Hora

Estamos tan acostumbrados hoy en día a manejar las horas (en nuestras citas, programaciones, comidas, itinerarios, trabajo…) que cuesta creer que ha sido una de las divisiones temporales más complejas de acuñar. Tanto más habida cuenta de la sencillez de su definición: se trata de la veinticuatroava parte de un día. Pero habría que aclarar muchos matices.
Los primeros relojes que conocemos, bien de sol, bien de agua, proceden del Antiguo Egipto, y en ellos ya podemos observar la división de una jornada en 24 horas. No obstante, estas divisiones son variables, puesto que fraccionaban el periodo diurno, fuese cual fuese la época del año, en doce partes. Ni siquiera éstas eran de igual duración, sino más o menos aproximada, dividiendo el recorrido del sol en ocho o diez partes y distribuyendo las restantes en el amanecer y el atardecer. Las horas nocturnas se organizaron a imitación de éstas. Para determinarlas se ayudaban de clepsidras o de la observación de las estrellas. Sabemos que los sumerios compartían esta misma división del día, que terminaron por heredar las civilizaciones griega y romana. Sólo estos últimos establecen una duración homogénea para las horas tanto a lo largo de la jornada como del año, que se ha mantenido en Europa hasta la actualidad. Y podemos decir que comparte todo el mundo, si bien en algunos lugares se puede compaginar con otros usos, como sucede en el ámbito religioso musulmán. Durante la Revolución Francesa, a título anecdótico, se propuso sin éxito fraccionar el día en diez horas. Modernamente, con la mejora de la precisión de los relojes, la redefinición de la unidad base de tiempo ha afectado a la hora, que hoy se fija como un periodo de 3600 segundos, salvo aquellos casos en que la necesidad de reajustes fuerza a disminuir o aumentar esta cantidad.

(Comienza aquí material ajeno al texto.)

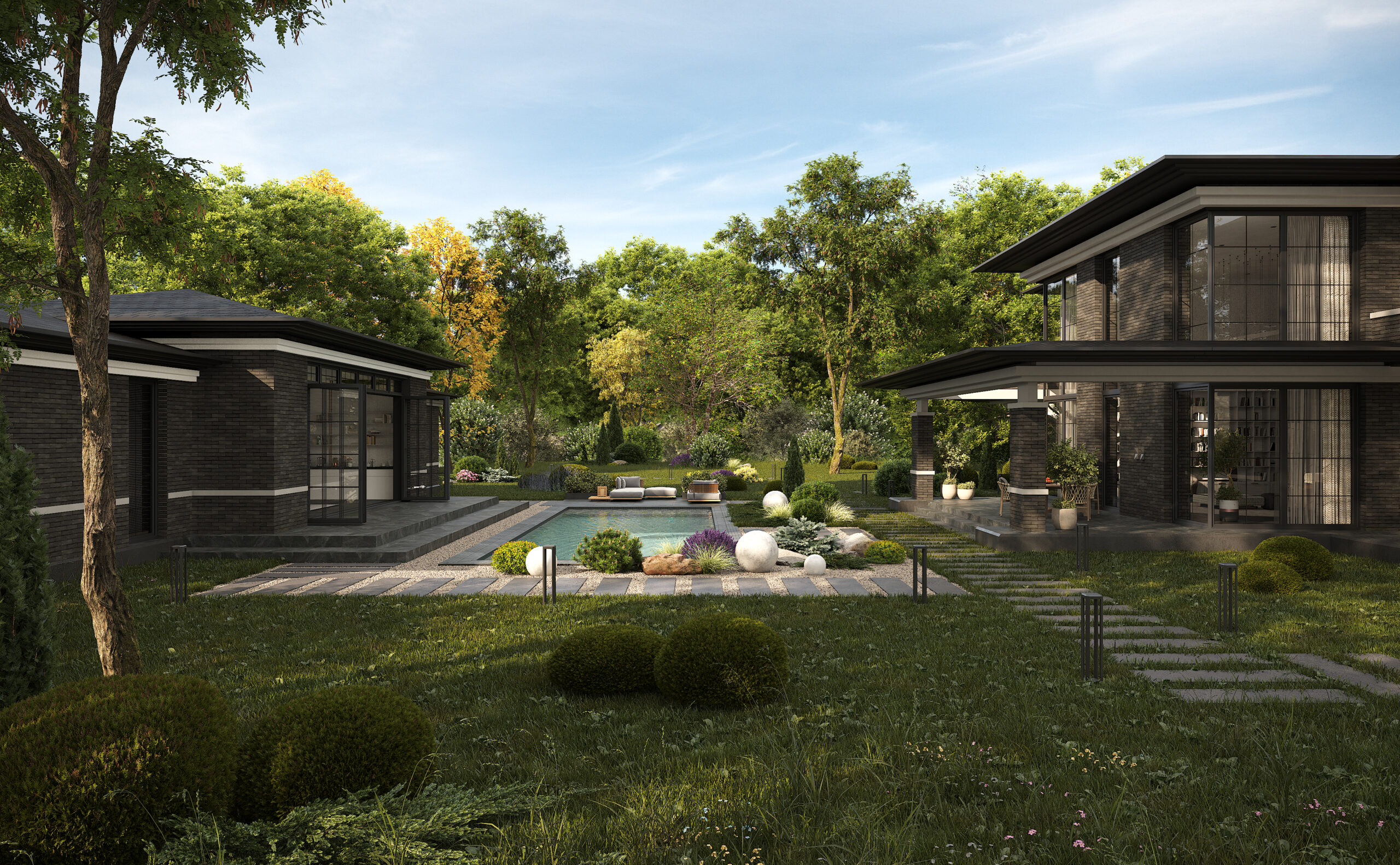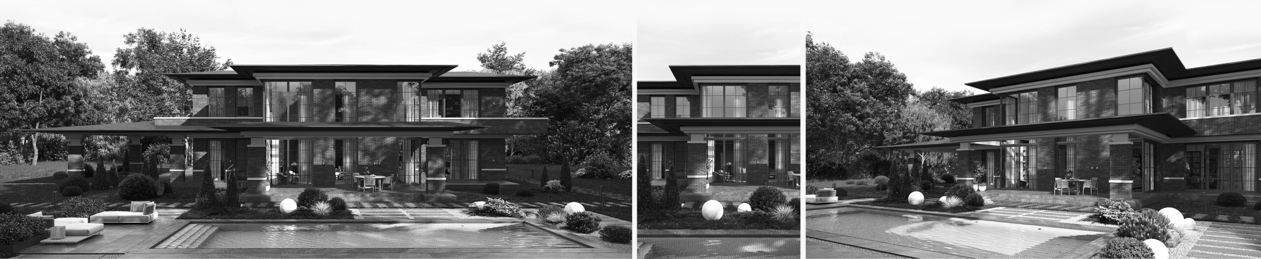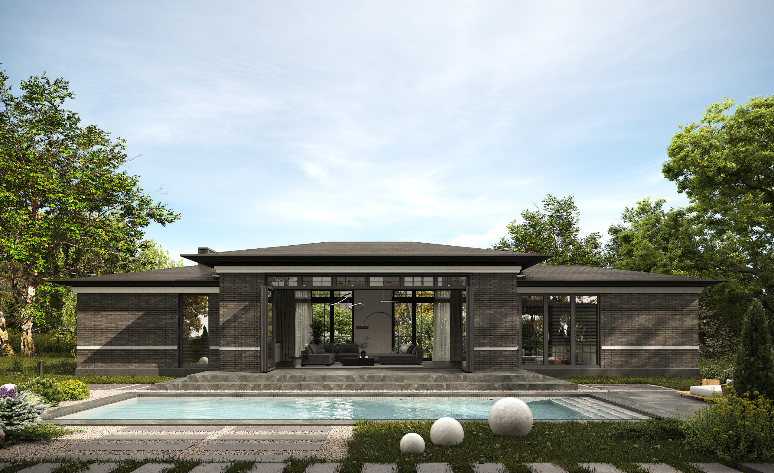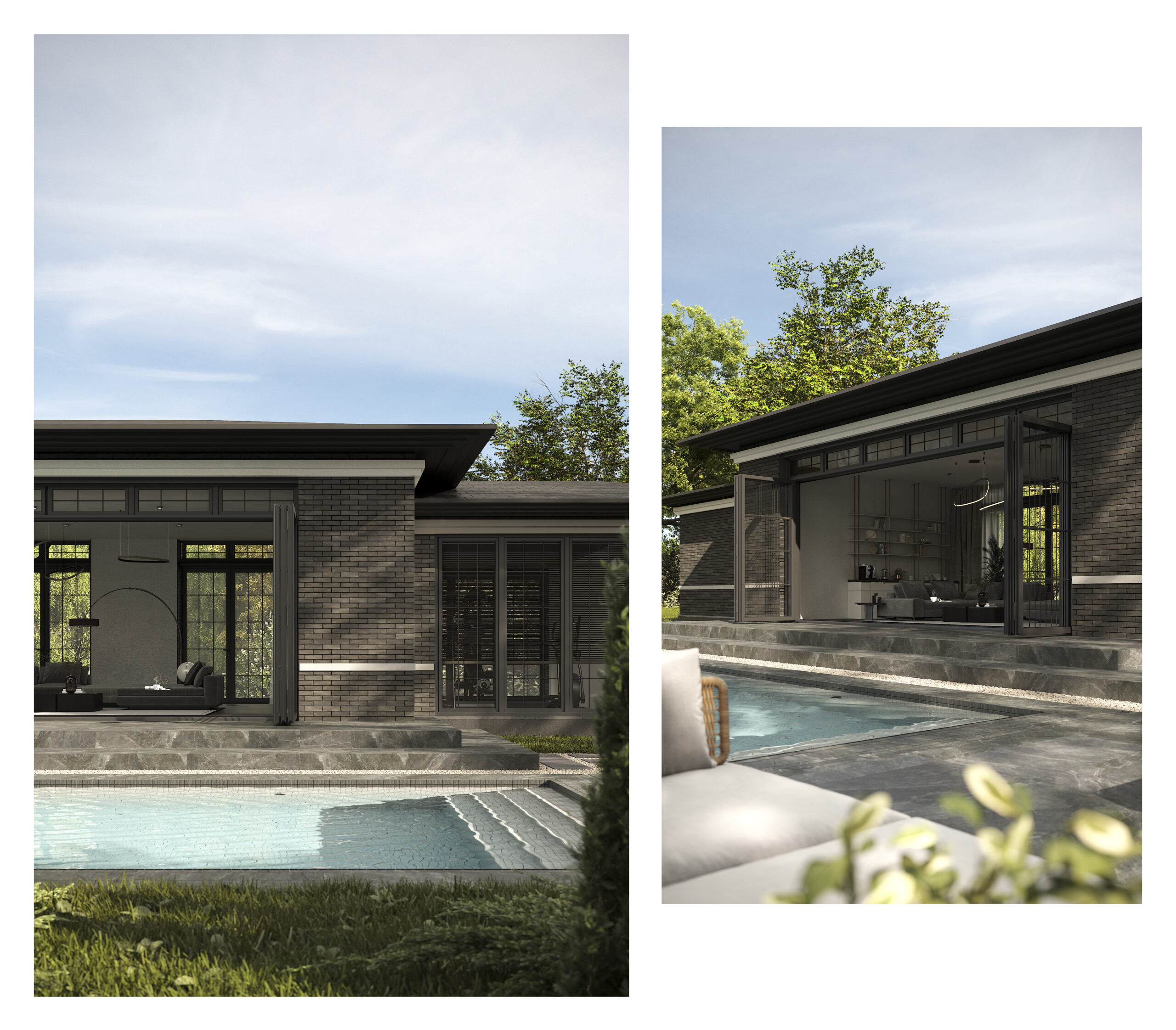 Приватний будинок в спокійному районі Києва, розрахований на велику сім’ю. Будинок спроектовано як чудове місце під віддалену роботу, при тому він має комфортні умови для відпочинку як усередині так і надворі. Великі вікна та відкритий простір наповнюють будинок світлом та надають можливість милуватись краєвидом. Будинок має розкішний басейн та лаунж зону. Сучасний дизайн, якісні матеріали та незаймана природа створюють атмосферу релаксу та комфорту. В той час як прямі лінії, нейтральні кольори та мінімалістичний підхід роблять будинок затишним та стильним.

Tema aparte es cómo contarlas. Hasta hace poco más de un siglo la vida cotidiana se ha regido por la hora solar local; es decir, se contaba desde la medianoche del núcleo de población más próximo. Pero históricamente se han elegido otros momentos del día: el amanecer, el mediodía, el momento del atardecer en que se podían observar tres estrellas, o cuando no se puede distinguir un hilo blanco de otro negro, por ejemplo. Incluso hoy seguimos distintas horas según nuestro huso, o contamos doblemente alguna (o nos la saltamos) allá donde efectuamos el cambio del horario de verano. Para denominarlas se usan dos métodos: referirse a ellas usando los números del 0 a 23, o bien contarlas desde las 1 a las 12 indicando si nos referimos a aquélla existente antes del mediodía (ante merídiem o a.m.) o después (post merídiem o p.m.). Hacer notar que el cambio de a.m. a p.m. y viceversa se produce al pasar de las 11 a las 12. Esta forma de contarlas ni siquiera ha estado ligada tradicionalmente al inicio del día. Así, vemos que en la Antigua Roma, por ejemplo, éste acababa con la puesta de sol en un primer momento, y con la medianoche posteriormente, pero las horas se contaban desde el amanecer. Costumbre que no se empezó a abandonar hasta la Baja Edad Media (recordemos que las horas canónicas menores eran la prima, tercia, sexta y nona).